Open-ended tasks rarely have one correct transcript, so don’t grade by imitation. Score the behaviours you care about — did it take the resolving action, follow required ordering (e.g. authenticate before a privileged call), stay within limits — and return that blend from score_episode. Keeping the reward in a plain function (importable without the trainer) makes it unit-testable.

Configure for multi-turn

For multi-turn runs, the episode budget comes from max_episode_turns. What matters in [train]:
  • max_tokens is per assistant action (one tool call or one reply), not per episode — keep it modest.
  • max_length must hold the system prompt plus the whole running transcript (every turn, every tool result), so set it well above a single-turn task.
  • group_size is the number of full episodes rolled out per prompt for the GRPO advantage estimate.

Publish it

Training runs on managed infrastructure, so the environment has to be reachable by id.

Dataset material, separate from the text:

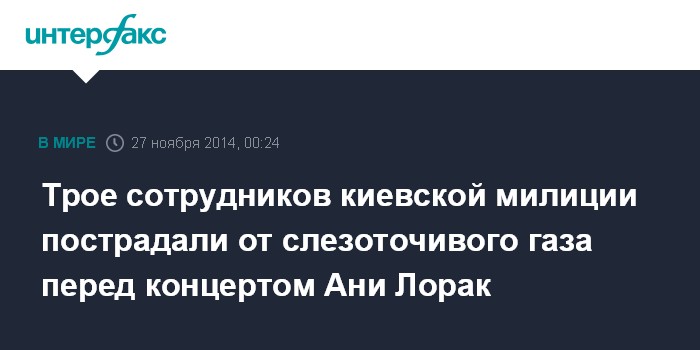 Москва. 27 ноября. INTERFAX.RU - Трое сотрудников милиции пострадали в Киеве во время обеспечения правопорядка возле дворца "Украина", где проходит концерт украинской певицы Ани Лорак.

Publish your local environment folder to the managed Environments Hub:
flash env push --name math math
It prints the published id (your-org/math). Put that in your config’s [environment] id.

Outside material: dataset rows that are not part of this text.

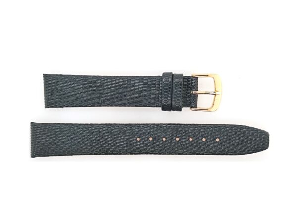 18L Black Genuine Leather Lizard Grain Watch Band, 18mm Long
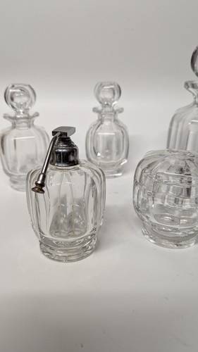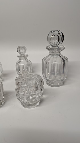 NÉCESSAIRE DE TOILETTE en cristal, modèle Harcourt, comprenant un grand flacon (22 cm), une paire de flacons (15,5 cm), un poudrier couvert et un vaporisateur.
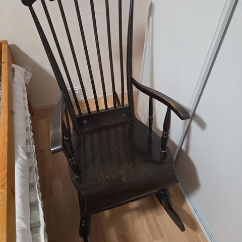 Vanha keinutuoli, materiaali puu ja väri valkoinen. Korkea selkänoja ja käsinojat tarjoavat tukevan istuma-asennon. Keinujalat ovat puuta ja istuin on kiinteä. Ajan patinaa.

Use an existing environment

If you already have a published env id (yours or one shared with you), reference it directly. You can also reference a GitHub environment source with a github:owner/repo@ref:path ref or a GitHub URL.
[environment]
id = "your-org/your-env"
If you want the source locally for editing or inspection, pull the whole environment into a directory:
flash env pull your-org/your-env
Pull one file by adding its path inside the environment. Use -o to choose the destination and -f to overwrite an existing output:
flash env pull your-org/your-env dataset/train.jsonl -o train.jsonl

List what you have

flash env list
Shows local environment sources you can publish, such as ./environment.py or folders under environments/.

Delete a Hub environment

Delete only targets managed Hub ids of the form namespace/name; GitHub refs and local paths are not Hub records and cannot be deleted this way.
flash env delete your-org/your-env
flash env delete your-org/your-env -y   # skip the confirmation prompt

Pass parameters

If your load_environment(**kwargs) accepts arguments, set them under [environment.params]:
[environment]
id = "your-org/your-env"

[environment.params]
difficulty = "hard"
num_examples = 500

Use API keys

If your environment needs an external service, read the key from os.environ in environment.py:
environment.py
import os

SERVICE_API_KEY = os.environ["SERVICE_API_KEY"]
Then declare the environment variable names in your training config:
[environment]
id = "your-org/your-env"
secrets = ["SERVICE_API_KEY"]
Set the value in your shell before submitting:
export SERVICE_API_KEY="..."
flash train configs/sft.toml
You can also put local development values in .env or .env.local:
SERVICE_API_KEY=...
Flash sends declared secret values to the worker out-of-band. Secret values are not stored in the TOML config, run spec, status JSON, logs, or environment artifact. Do not put API keys in [environment.params]. If a declared secret is missing when you submit, flash train fails before the run starts.